4. Verweerder heeft gedateerd 6 januari 2004 een vragenbrief aan de broer van eiser gezonden naar aanleiding van diens aangifte IB/PVV 2001. In de vragenbrief verzoekt verweerder de broer van eiser de volgende informatie te verstrekken:
  • een specificatie van de opbrengsten en kosten van de ter beschikking gestelde vermogensbestanddelen aan de BV;
  • betalingsbewijzen ten aanzien van de opgevoerde kosten;
  • de reden op te geven dat bij vraag 12 van het aangiftebiljet geen waarde is opgegeven inzake de ter beschikking gestelde vermogensbestanddelen; en
  • een opgaaf van de waarde van de ter beschikking gestelde onroerende zaak eventueel vergezeld van een taxatierapport.

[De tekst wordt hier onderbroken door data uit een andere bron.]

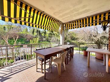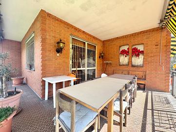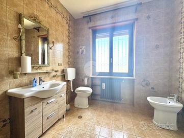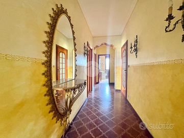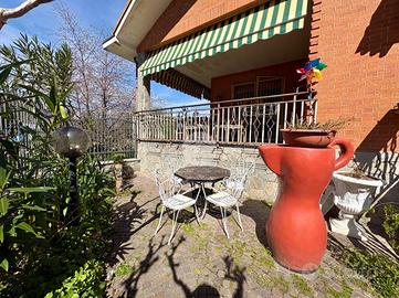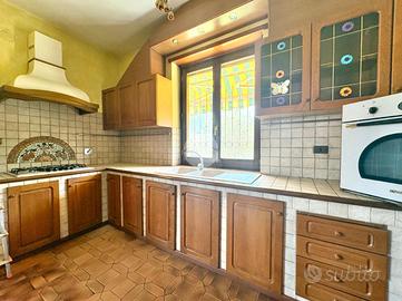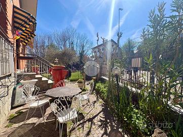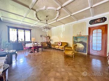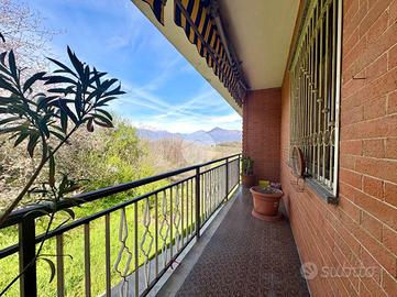 In posizione centrale e comoda ai principali servizi, appartamento di ampia metratura situato al piano rialzato e ultimo piano di una bifamiliare, caratterizzato da spazi ben distribuiti e da un grazioso giardino privato. L'immobile, sviluppato su un unico livello abitativo, presenta l'ingresso, un luminoso e ampio soggiorno con accesso al terrazzo, ideale per momenti di relax all'aperto, e la cucina, spaziosa e funzionale, dotata di camino a legna e uscita sul balcone. La zona notte è composta da tre camere matrimoniali, tutte con accesso al balcone da cui si gode una splendida vista panoramica sulle montagne, e bagno finestrato dotato di box doccia. L'immobile gode di ottima esposizione e ingresso indipendente, elementi che garantiscono privacy e luminosità durante tutta la giornata. Completano la proprietà un box auto doppio con accesso sia dall'esterno sia direttamente dall'abitazione tramite scala interna, e cantina. Soluzione ideale per famiglie o per chi desidera ampi spazi abitativi in un contesto tranquillo ma centrale.

5. De toenmalige gemachtigde van de broer van eiser heeft bij brieven van 5 februari 2004 en 4 juni 2004 gereageerd op voornoemde vragenbrief. Middels de brief van 4 juni 2004 heeft de toenmalige gemachtigde een taxatierapport van de onroerende zaak (hierna: de taxatie 2002) toegezonden aan verweerder onder het verzoek de waarde van de onroerende zaak ook in het bestand van eiser op te nemen. De brief vermeldt onder het kopje ‘betreft’ zowel de naam en het fiscaalnummer van eiser als diens broer.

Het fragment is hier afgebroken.